[Extracted information — start]

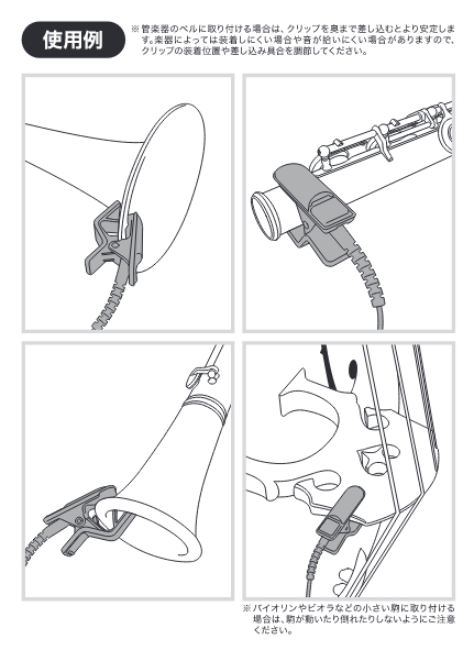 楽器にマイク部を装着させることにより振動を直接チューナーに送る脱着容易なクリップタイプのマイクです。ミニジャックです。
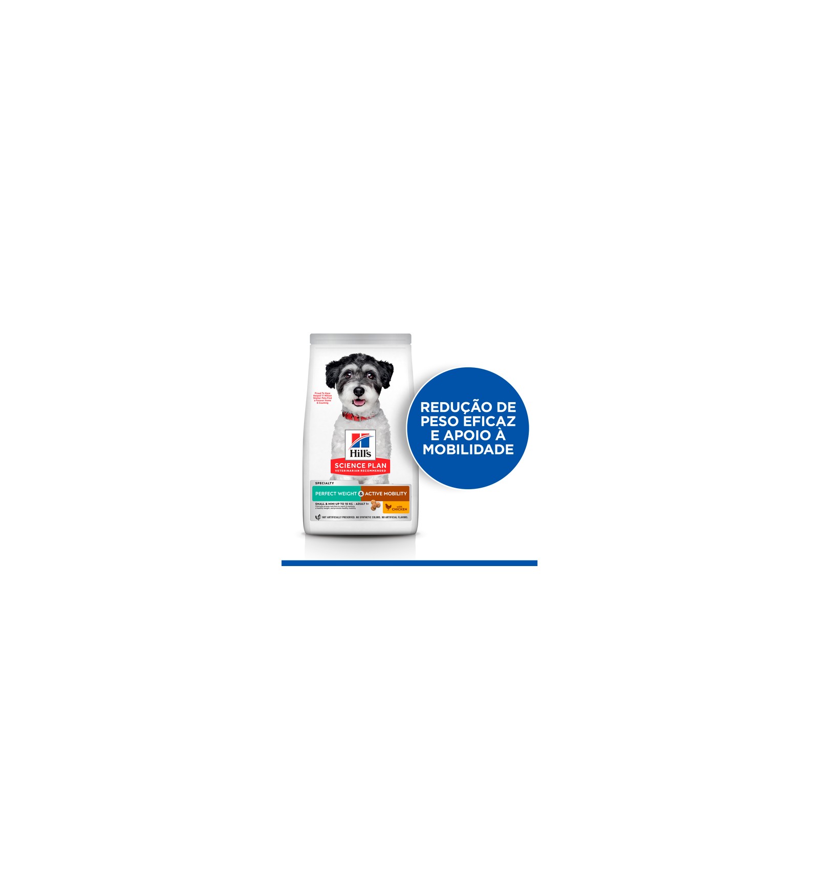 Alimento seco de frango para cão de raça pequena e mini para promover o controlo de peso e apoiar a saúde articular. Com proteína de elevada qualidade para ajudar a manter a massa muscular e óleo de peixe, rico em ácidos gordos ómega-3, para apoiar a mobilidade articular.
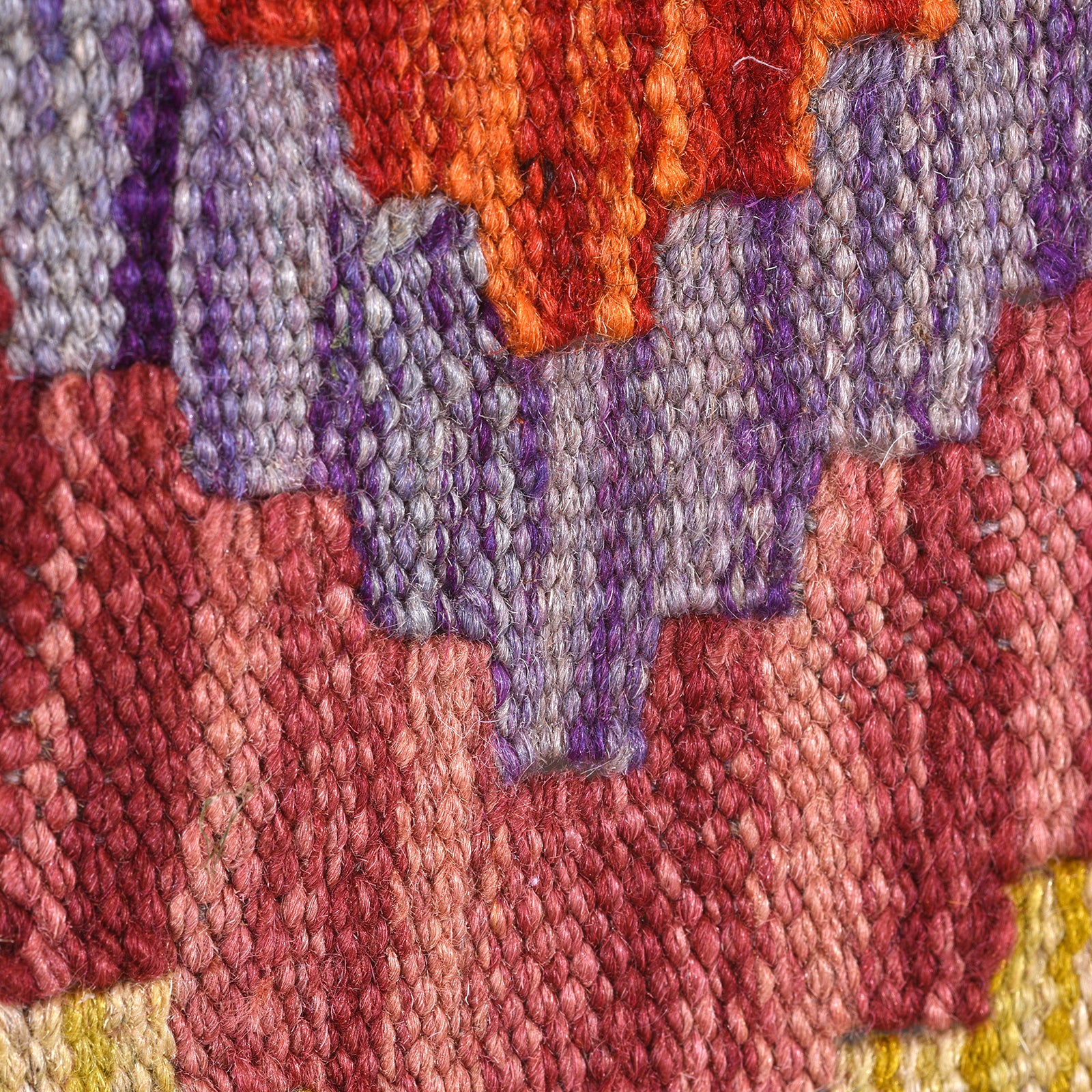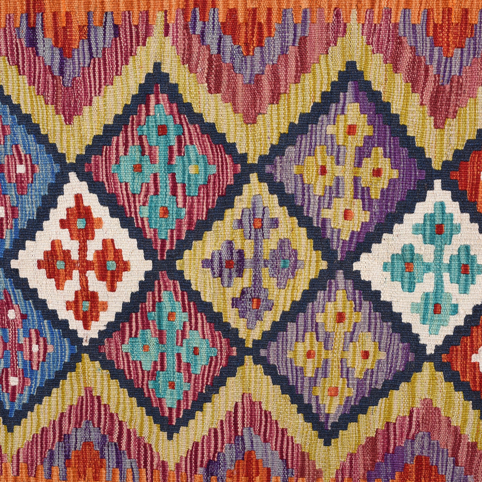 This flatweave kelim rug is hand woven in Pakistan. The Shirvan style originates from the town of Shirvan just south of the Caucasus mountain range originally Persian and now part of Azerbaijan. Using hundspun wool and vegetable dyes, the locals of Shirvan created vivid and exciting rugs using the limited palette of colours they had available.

[Extracted information — finish]
[Extracted information — start]

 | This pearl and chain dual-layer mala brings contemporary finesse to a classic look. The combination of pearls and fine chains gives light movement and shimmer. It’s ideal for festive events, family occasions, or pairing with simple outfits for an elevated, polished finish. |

[Extracted information — finish]
[Extracted information — start]

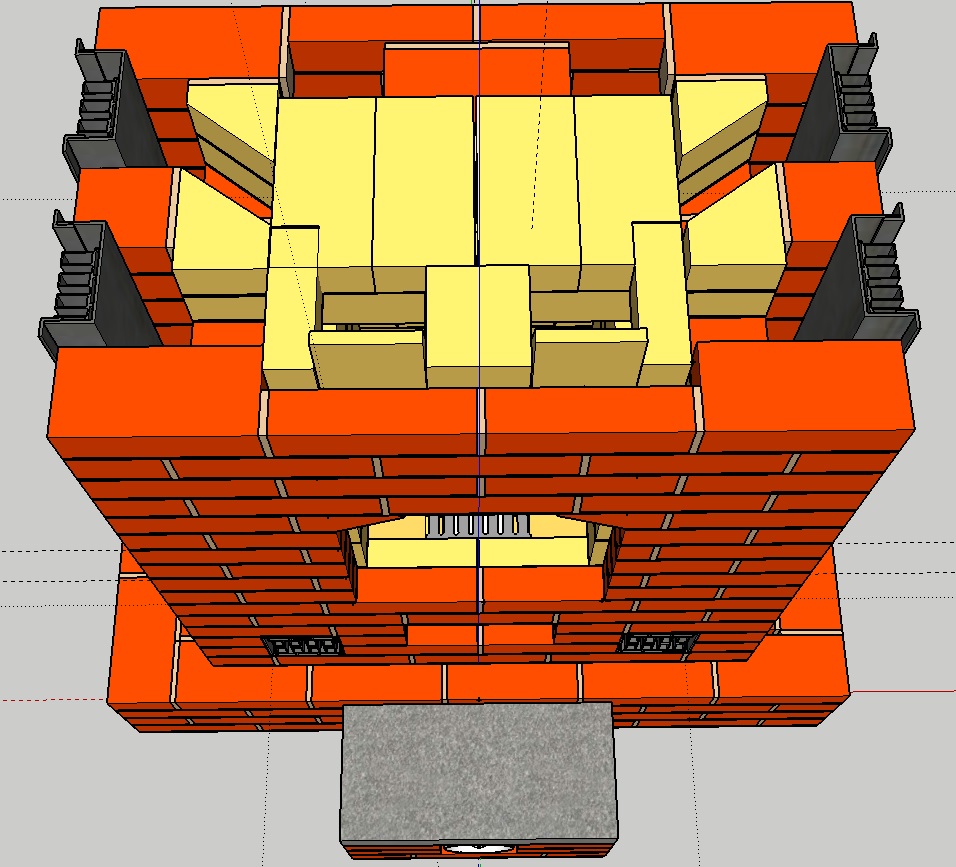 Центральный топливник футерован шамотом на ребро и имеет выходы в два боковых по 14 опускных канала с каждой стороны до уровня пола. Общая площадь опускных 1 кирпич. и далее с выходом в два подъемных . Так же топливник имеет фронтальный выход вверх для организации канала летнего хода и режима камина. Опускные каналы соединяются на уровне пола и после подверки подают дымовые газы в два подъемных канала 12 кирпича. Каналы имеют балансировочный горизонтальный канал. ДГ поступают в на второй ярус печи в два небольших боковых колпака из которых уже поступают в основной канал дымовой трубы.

[Extracted information — finish]

What you have to do
In the records above, find the line with "Alimento seco de" and the line with "This flatweave kelim"; please transcribe exactly those two lines and all lines between them, omitting any picture.

Exercise solution
 Alimento seco de frango para cão de raça pequena e mini para promover o controlo de peso e apoiar a saúde articular. Com proteína de elevada qualidade para ajudar a manter a massa muscular e óleo de peixe, rico em ácidos gordos ómega-3, para apoiar a mobilidade articular.
 This flatweave kelim rug is hand woven in Pakistan. The Shirvan style originates from the town of Shirvan just south of the Caucasus mountain range originally Persian and now part of Azerbaijan. Using hundspun wool and vegetable dyes, the locals of Shirvan created vivid and exciting rugs using the limited palette of colours they had available.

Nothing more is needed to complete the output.